• [About this task]: What is needed is an exact copy of the entries below, with the pictures left out.

• [Extracted entries]:
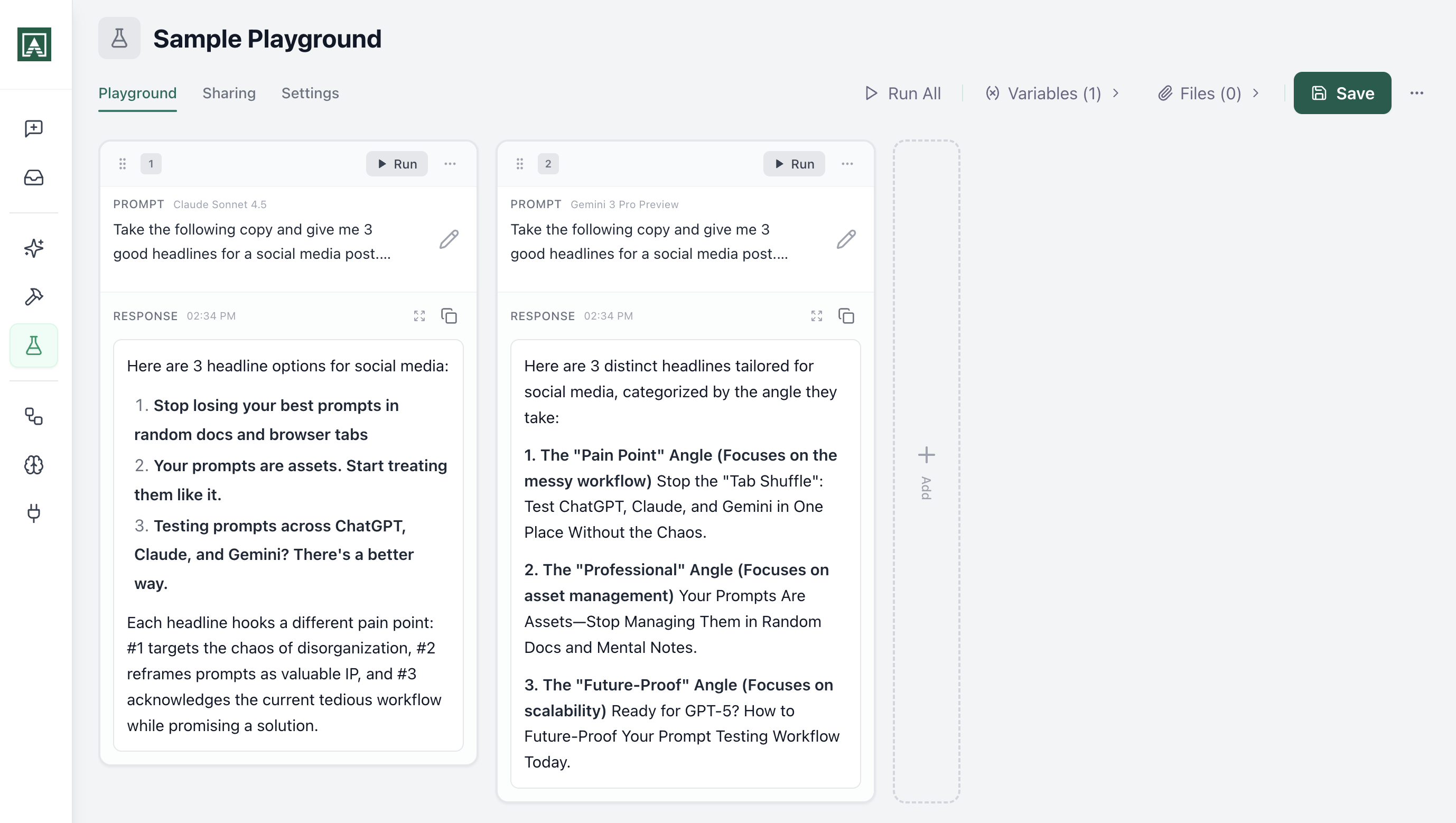 Save responses. Share them with your team. Track how a prompt works over time. If you're building components that need to work reliably, Playgrounds are where you prove it.
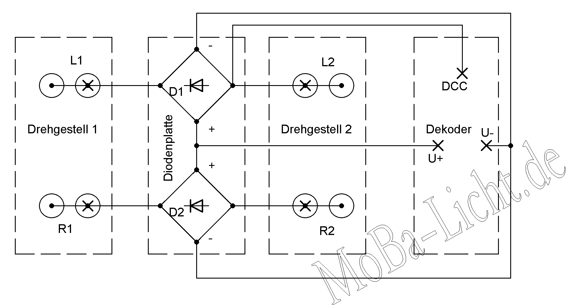 Dekoder eine Spannungszuführung einrichten. Natürlich müssen die zusätzlichen Dioden (vom 2. Drehdestell/ Wagen) artgleich sein
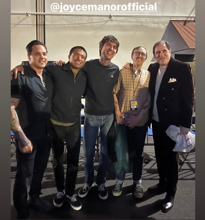 The episode also featured Joyce Manor, maybe the best current example of an LA punk band -- or, more accurately, a Torrance punk band -- at work. John Mulaney introduced them as "one of my favorite bands" and held up the Never Hungover Again album cover, and the band blasted through classic bashers "Constant Headache" and "Catalina Fight Song." Nobody moshed. Joyce Manor were the third Everybody's In LA musical guests, after St. Vincent on Monday and Warren G on Tuesday. The full performance isn't embeddable right now, but you can watch a moment of it below.
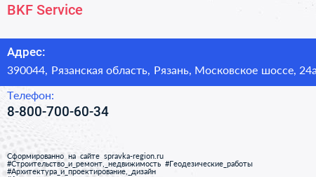 BKF Service по адресу 390044, Рязанская область, Рязань, Московское шоссе, 24а в дальнейшем Организация, размещена в следующих категориях:
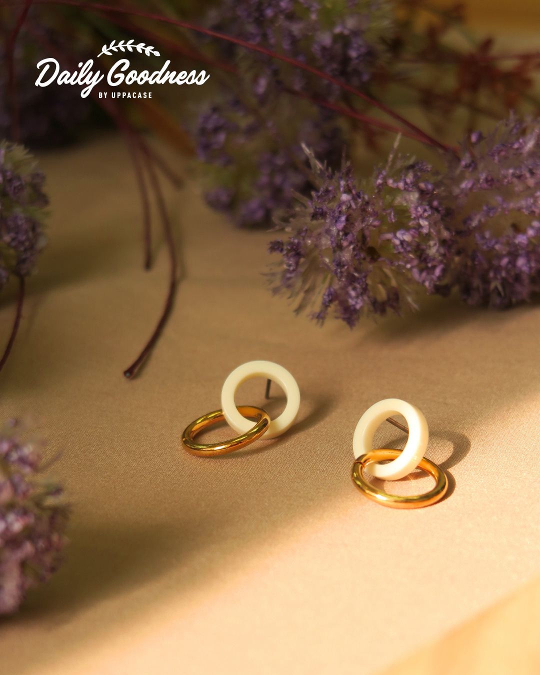 EAB - 金屬雙環耳環 (象牙白色款)
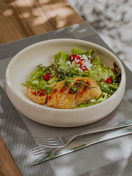 200 gr Pechuga de pollo a la plancha bañada en una cremosa salsa de champiñones acompañada de verduras baby
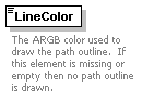 | source | <xs:element name="LineColor" type="xs:string" minOccurs="0"> <xs:annotation> <xs:documentation>The ARGB color used to draw the path outline. If this element is missing or empty then no path outline is drawn.</xs:documentation> </xs:annotation> </xs:element> |
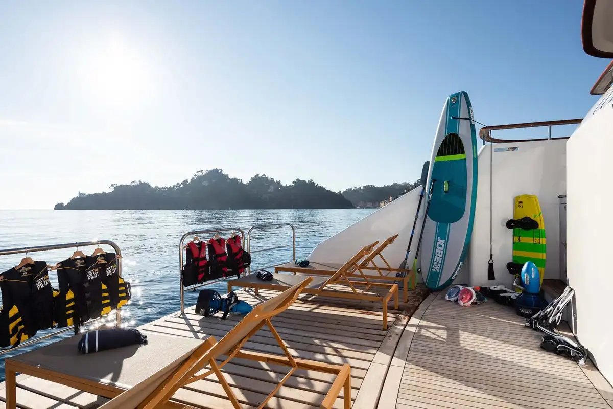 CURIOSITY has a wealth of water toys and towable equipment (wakeboards, three-person inflatable banana, waterskis etc), PWC, six Yamaha sea scooters and kayaks and SUPs all to keep you and your party fully entertained while enjoying this unique yacht.

• [Solution for this exercise]:
 Save responses. Share them with your team. Track how a prompt works over time. If you're building components that need to work reliably, Playgrounds are where you prove it.
 Dekoder eine Spannungszuführung einrichten. Natürlich müssen die zusätzlichen Dioden (vom 2. Drehdestell/ Wagen) artgleich sein
 The episode also featured Joyce Manor, maybe the best current example of an LA punk band -- or, more accurately, a Torrance punk band -- at work. John Mulaney introduced them as "one of my favorite bands" and held up the Never Hungover Again album cover, and the band blasted through classic bashers "Constant Headache" and "Catalina Fight Song." Nobody moshed. Joyce Manor were the third Everybody's In LA musical guests, after St. Vincent on Monday and Warren G on Tuesday. The full performance isn't embeddable right now, but you can watch a moment of it below.
 BKF Service по адресу 390044, Рязанская область, Рязань, Московское шоссе, 24а в дальнейшем Организация, размещена в следующих категориях:
 EAB - 金屬雙環耳環 (象牙白色款)
 200 gr Pechuga de pollo a la plancha bañada en una cremosa salsa de champiñones acompañada de verduras baby
 | source | <xs:element name="LineColor" type="xs:string" minOccurs="0"> <xs:annotation> <xs:documentation>The ARGB color used to draw the path outline. If this element is missing or empty then no path outline is drawn.</xs:documentation> </xs:annotation> </xs:element> |
 CURIOSITY has a wealth of water toys and towable equipment (wakeboards, three-person inflatable banana, waterskis etc), PWC, six Yamaha sea scooters and kayaks and SUPs all to keep you and your party fully entertained while enjoying this unique yacht.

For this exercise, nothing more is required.